§ Brief
Copy out the whole listing exactly as written, leaving the pictures behind.

§ Records for the exercise
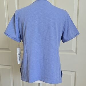 Elegant short sleeve tee with embroidered butterfly and flower design. Also, glittering rhinestones to add sparkle to the soft iris shade. Size Petite Small
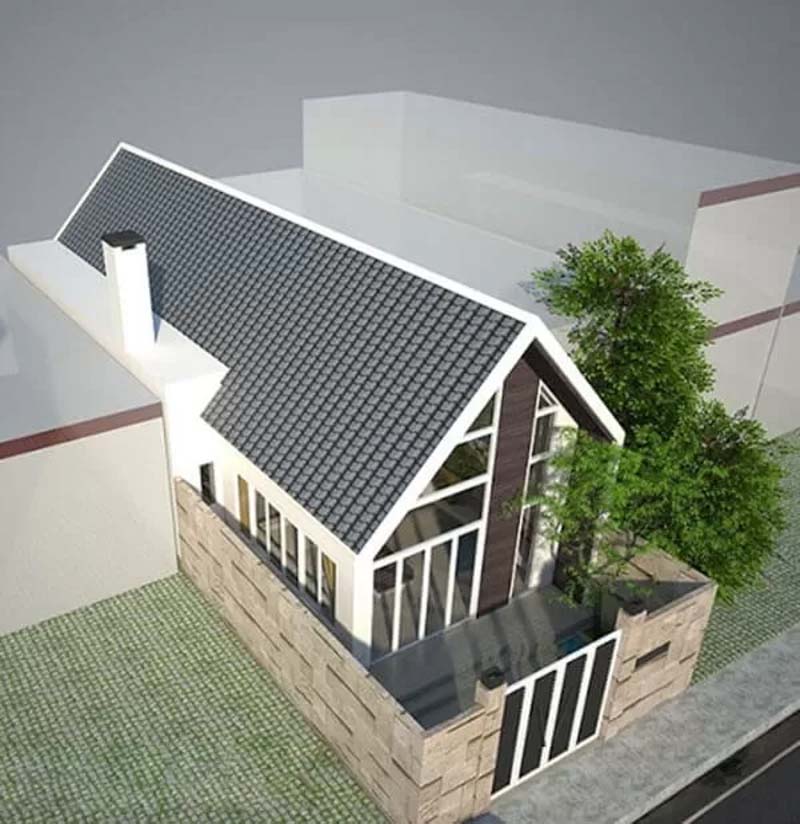 Mẫu nhà ngang 5m dài 20m 2 tầng mái thái
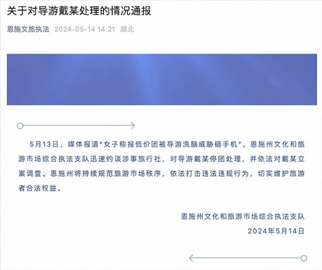 央視網(wǎng)消息:湖北恩施州文化和旅游市場(chǎng)綜合執(zhí)法支隊(duì)5月14日通報(bào),5月13日,媒體報(bào)道“女子稱報(bào)低價(jià)團(tuán)被導(dǎo)游洗腦威脅砸手機(jī)”。恩施州文化和旅游市場(chǎng)綜合執(zhí)法支隊(duì)迅速約談涉事旅行社,對(duì)導(dǎo)游戴某停團(tuán)處理,并依法對(duì)戴某立案調(diào)查。恩施州將持續(xù)規(guī)范旅游市場(chǎng)秩序,依法打擊違法違規(guī)行為,切實(shí)維護(hù)旅游者合法權(quán)益。
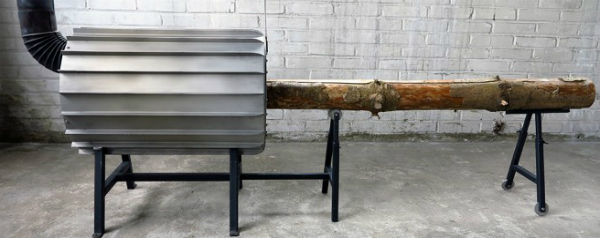 De kachel, de Spruce Stove genoemd, is een ontwerp van de Nederlanders Michiel Martens en Roel de Bohr. De boomstam naar binnen zeulen en op de speciale bok tillen is even een klusje. Maar vervolgens kun je hem, dankzij de rollen waar de stam op steunt en de wieltjes onder de bok, vrij gemakkelijk stukje bij beetje naar binnen schuiven.
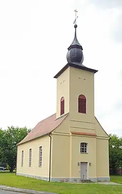 Die Saalkirche wurde zwischen 1651 und 1700 erbaut. Sie wurde 1807 umgebaut und nach 1968 restauriert. Aus dem Satteldach ihres Langhauses erhebt sich im Westen ein quadratischer Dachturm, der mit einer Zwiebelhaube bedeckt ist.
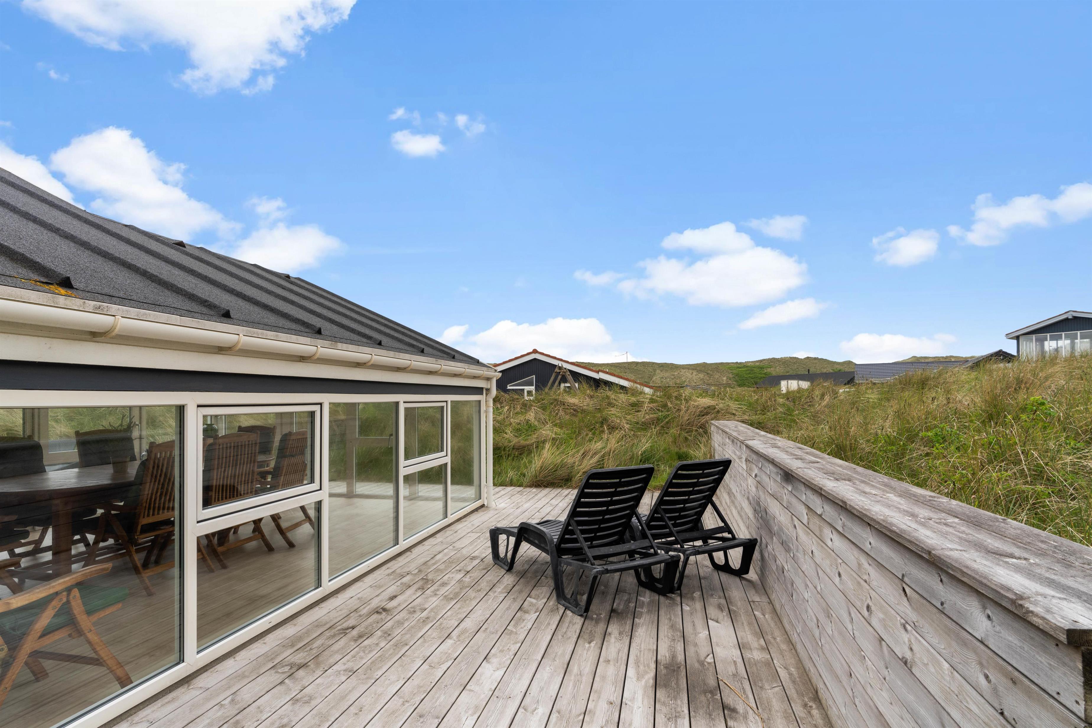 Den rummelige terrasse går hele vejen rundt om feriehuset. En del af terrassen er overdækket og hele terrassen er afskærmet. Her kan du virkelig få fuldt udbytte at den friske luft, for ligemeget hvilket hjørne det blæser fra, kan du altid finde et sted, hvor du kan slappe af på liggestolen eller nyde en dejlig middag fra grillen. Til de små er der sandkasse i forbindelse med terrassen.

§ Answer
 Elegant short sleeve tee with embroidered butterfly and flower design. Also, glittering rhinestones to add sparkle to the soft iris shade. Size Petite Small
 Mẫu nhà ngang 5m dài 20m 2 tầng mái thái
 央視網(wǎng)消息:湖北恩施州文化和旅游市場(chǎng)綜合執(zhí)法支隊(duì)5月14日通報(bào),5月13日,媒體報(bào)道“女子稱報(bào)低價(jià)團(tuán)被導(dǎo)游洗腦威脅砸手機(jī)”。恩施州文化和旅游市場(chǎng)綜合執(zhí)法支隊(duì)迅速約談涉事旅行社,對(duì)導(dǎo)游戴某停團(tuán)處理,并依法對(duì)戴某立案調(diào)查。恩施州將持續(xù)規(guī)范旅游市場(chǎng)秩序,依法打擊違法違規(guī)行為,切實(shí)維護(hù)旅游者合法權(quán)益。
 De kachel, de Spruce Stove genoemd, is een ontwerp van de Nederlanders Michiel Martens en Roel de Bohr. De boomstam naar binnen zeulen en op de speciale bok tillen is even een klusje. Maar vervolgens kun je hem, dankzij de rollen waar de stam op steunt en de wieltjes onder de bok, vrij gemakkelijk stukje bij beetje naar binnen schuiven.
 Die Saalkirche wurde zwischen 1651 und 1700 erbaut. Sie wurde 1807 umgebaut und nach 1968 restauriert. Aus dem Satteldach ihres Langhauses erhebt sich im Westen ein quadratischer Dachturm, der mit einer Zwiebelhaube bedeckt ist.
 Den rummelige terrasse går hele vejen rundt om feriehuset. En del af terrassen er overdækket og hele terrassen er afskærmet. Her kan du virkelig få fuldt udbytte at den friske luft, for ligemeget hvilket hjørne det blæser fra, kan du altid finde et sted, hvor du kan slappe af på liggestolen eller nyde en dejlig middag fra grillen. Til de små er der sandkasse i forbindelse med terrassen.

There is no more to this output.